Google Buzz: Google kopiert das Beste von Twitter und FriendFeed, macht es mobil09.02.10

Es ist – das erlaube ich mir – nicht ungerechtfertigt zu sagen, dass Google bislang keine große Leuchte in Social Media-Dingen war (Ausnahme: YouTube). Orkut war ein Flop, ebenso der Microblogging-Dienst Jaiku und auch nach der anfänglichen Euphorie konnte die Rakete Google Wave nicht wirklich abheben. “Mein Gott, kauft doch endlich Twitter!”, war deshalb die erste Reaktion, als die Meldung die Runde machte, Google würde mit einer hauseigenen Lösungen ins Networking einsteigen.
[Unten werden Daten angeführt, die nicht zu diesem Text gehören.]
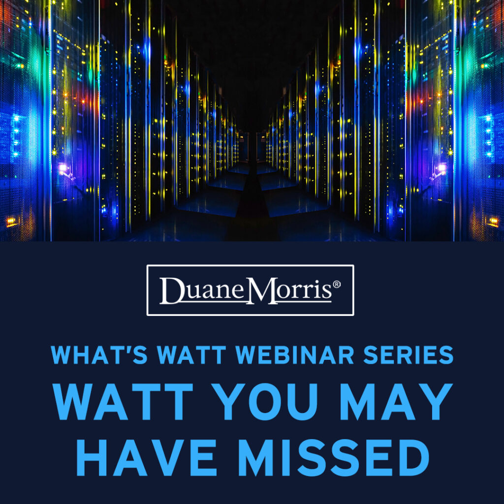 Last week, Duane Morris kicked off a new multipart webinar series—What’s Watt— taking a deep dive into the critical relationship between energy and modern data centers and highlighting the trends and technologies reshaping digital infrastructure. The series launched with a state-of-the-market discussion with DigitalBridge’s Jeff Ginsberg and Duane Morris’ Robert Montejo, moderated by Brad Molotsky. The panel offered insights on the industry’s key trends.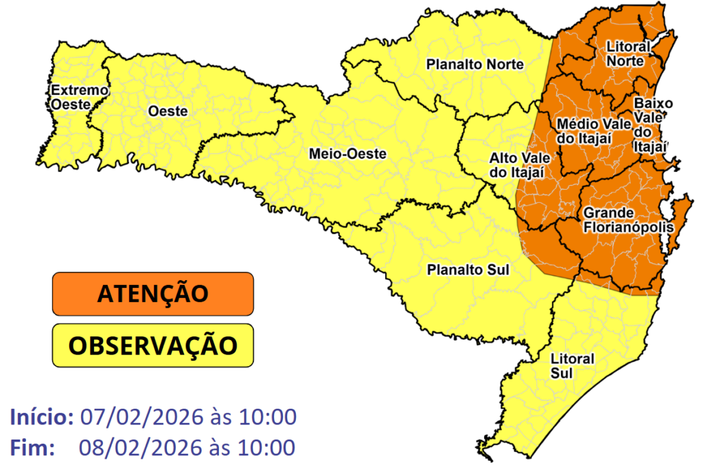 No sábado, 7, o dia ainda começa abafado, com temperaturas próximas ou acima dos 30°C, especialmente no Oeste e no Litoral Norte. A partir do fim da manhã e início da tarde, o avanço do sistema frontal – frente fria – provoca aumento da nebulosidade e ocorrência de chuva. Nesse período, o risco é alto para temporais com chuva intensa entre a Grande Florianópolis, o Vale do Itajaí e o Litoral Norte, e moderado nas demais regiões do estado.

Doch Google hatte andere Pläne. Anstatt sich ein bereits vorhandenes Produkt einzuverleiben, macht die Suchmaschine es lieber selber – “besser” möchte man fast sagen. Dazu wurde heute Gmail weiter aufgebohrt: Der Online-Dienst beinhaltete von Anfang an Mail-Fähigkeiten, dann kam der Chat hinzu, dann der Videochat – und nun kommt Buzz oben drauf. Um einen neuen Eingang in die Welt der sozialen Netzwerke zu finden, hat sich Google die Rosinen aus dem bereits am Markt Vorhandenen gepickt. In erster Linie zählen dazu unzweifelhaft Twitter, FriendFeed und Facebook – ein Vorwurf, den sich Google allerdings verbittet. Buzz wurde mit fünf Features ausgestattet, die direkt in der Gmail-Mailbox Anwendung finden. Hier die Funktionen im Einzelnen: (weiterlesen…)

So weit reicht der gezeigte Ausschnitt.